TASK STATEMENT: Could you retype exactly the lines below between the one holding "サラダとコールドメニューを中" and the one holding "品名:沁涼植萃精油防蚊噴霧 防蚊液", inclusive, leaving out any pictures?

DATA BELOW:
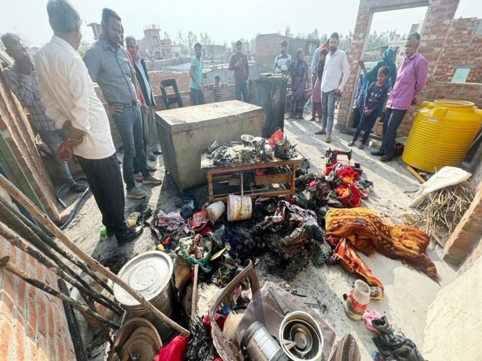 काशीपुर(आरएनएस)।  घर में लगी आग से लाखों का घरेलू सामान जलकर राख हो गया। परिजनों ने आसपास के लोगों की मदद से आग पर काबू पाया। मंगलवार को महुआखेड़ा गंज, आदर्शनगर निवासी धर्मेंद्र पुत्र कल्लू सिंह के घर में अज्ञात कारणों के चलते आग लग गई। इससे परिवार के सदस्यों में अफरा-तफरी मच गई। आग से घर में रखा फ्रिज, डबल बेड व घर का अन्य सामान जलकर राख हो गया। सूचना पर मौके पर पहुंचे पूर्व दर्जा राज्य मंत्री राजेश कुमार ने परिवार को ढांढस बंधाते हुए कहा जल्द ही परिवार को मुख्यमंत्री राहत कोष से आर्थिक सहायता दिलाने का प्रयास करेंगे। यहां नितिन कुमार, कुवंर पाल, हबीबुर्रहमान आदि मौजूद रहे।
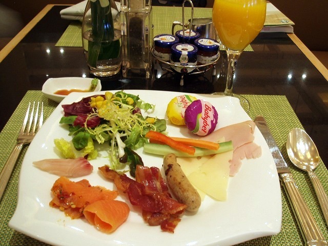 サラダとコールドメニューを中心に。妻は、野菜に、サーモン、ハムなどをいただいてきました。旦那は、ベーコン、ソーセージ、スモークサーモン、そしてチーズと、ボリュームが多めです。フルーツも一通りいただいてみましたが、思った以上に甘くてびっくり。
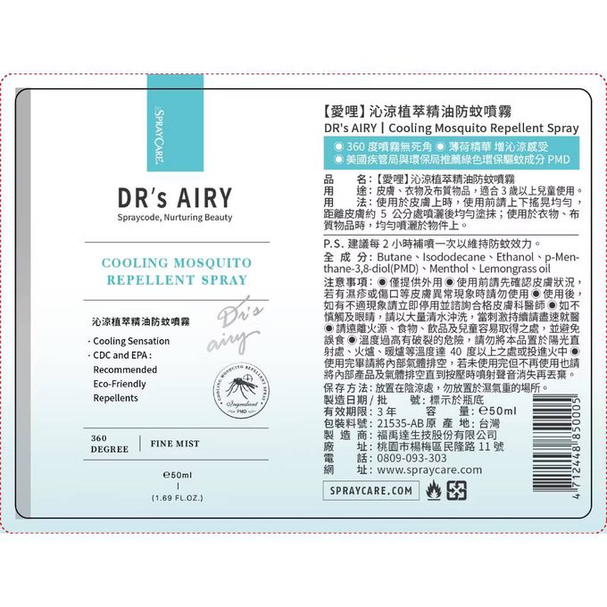 品名:沁涼植萃精油防蚊噴霧 防蚊液
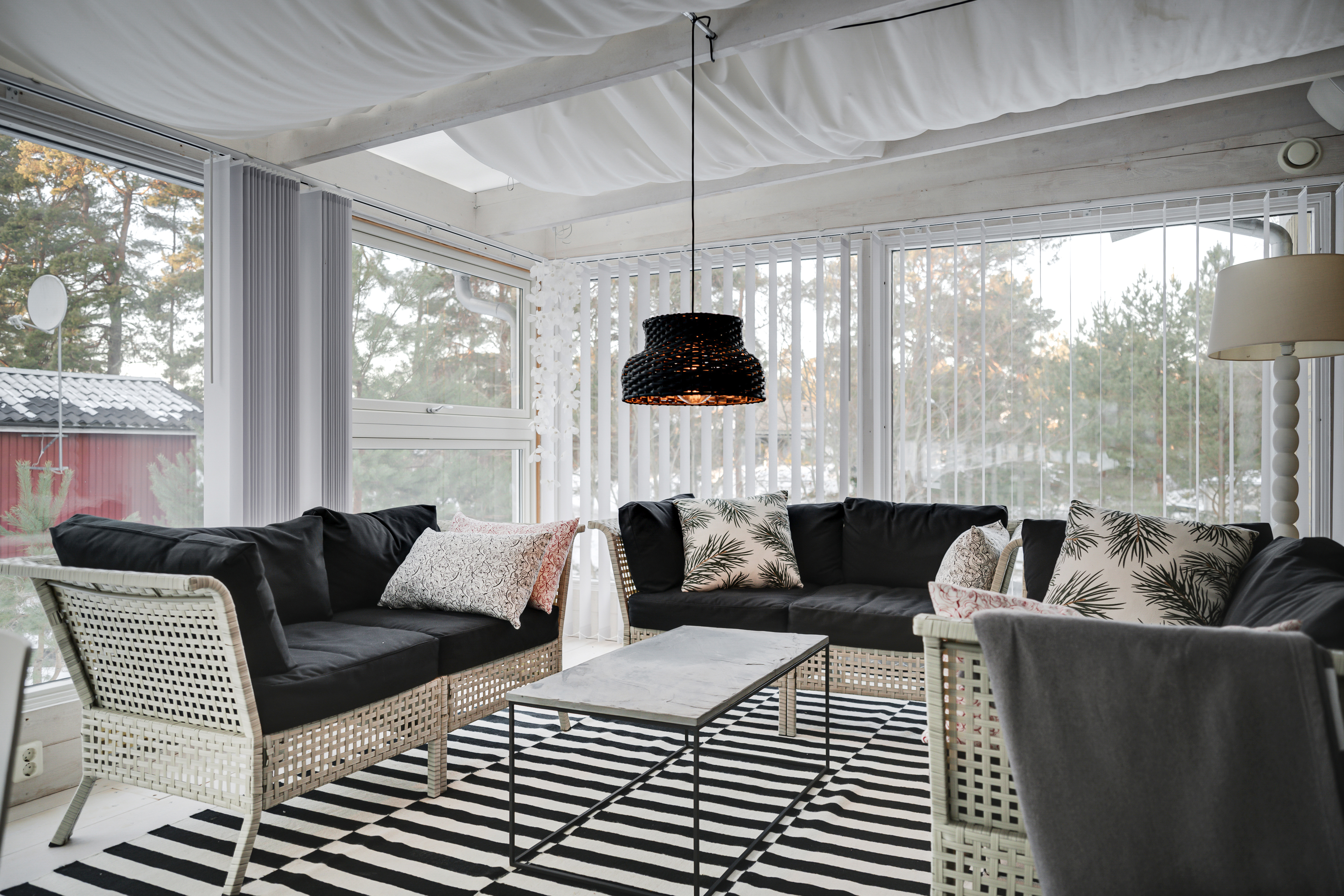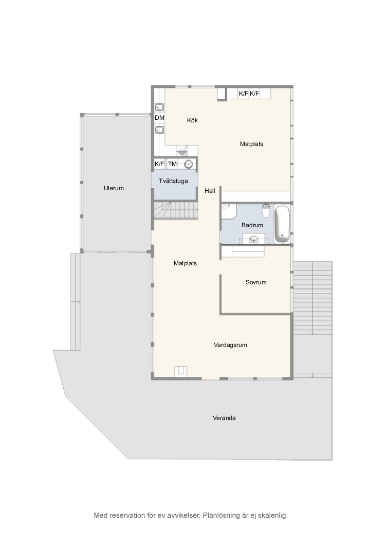 Stora trädäck på två sidor av huset som ansluter till uterummet. Uterummet c:a 25 kvm har trägolv och stora fönsterpartier varav ett öppningsbart och gavelsidan är skjutbar mot trädäcket utanför. Utanför uterum och trädäck på långsidan finns det ett utekök med vattenanslutning till det kommunala vattnet. In & utgång via matrummet.

TASK OUTPUT:
 サラダとコールドメニューを中心に。妻は、野菜に、サーモン、ハムなどをいただいてきました。旦那は、ベーコン、ソーセージ、スモークサーモン、そしてチーズと、ボリュームが多めです。フルーツも一通りいただいてみましたが、思った以上に甘くてびっくり。
 品名:沁涼植萃精油防蚊噴霧 防蚊液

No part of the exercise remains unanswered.